- Directed by: Michael Noer
- Written by: Rasmus Heisterberg Michael Noer
- Starring: Gustav Dyekjær Giese Lene Maria Christensen Roland Møller
- Distributed by: Nordisk Film
- Release date: 27 January 2013;
- Running time: 91 min
- Country: Denmark
- Language: Danish

= Nordvest (film) =

Danish 2013 film

Nordvest is a Danish action-drama film from 2013, directed by Michael Noer and written by Rasmus Heisterberg. It was Noer's first solo project as a movie director, after he directed the prison film R (2010) together with Tobias Lindholm.

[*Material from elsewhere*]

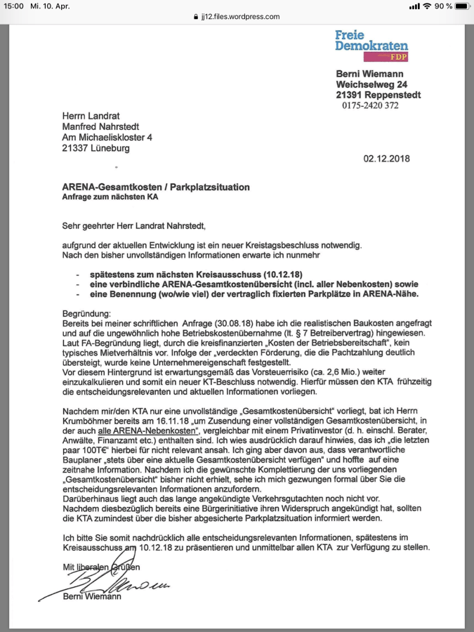 Anfrage Wiemann zur Arena vom 2. Dezember 2018

Nordvest got its world premiere at the Rotterdam International Film Festival in January 2013. It was also the opening film at the Copenhagen film festival in April 2013.

==Reception==
Nordvest received generally good reviews and ended up selling 88,849 tickets in Danish cinemas. It won awards including the international critics’ Fipresci award at the Göteborg International Film Festival and a Special Jury Award and the Critics’ Prize at the International Crime Film Festival in Beaune.
On review aggregator website Rotten Tomatoes, the film holds an approval rating of 90% based on 10 reviews, with an average rating of 6.4/10.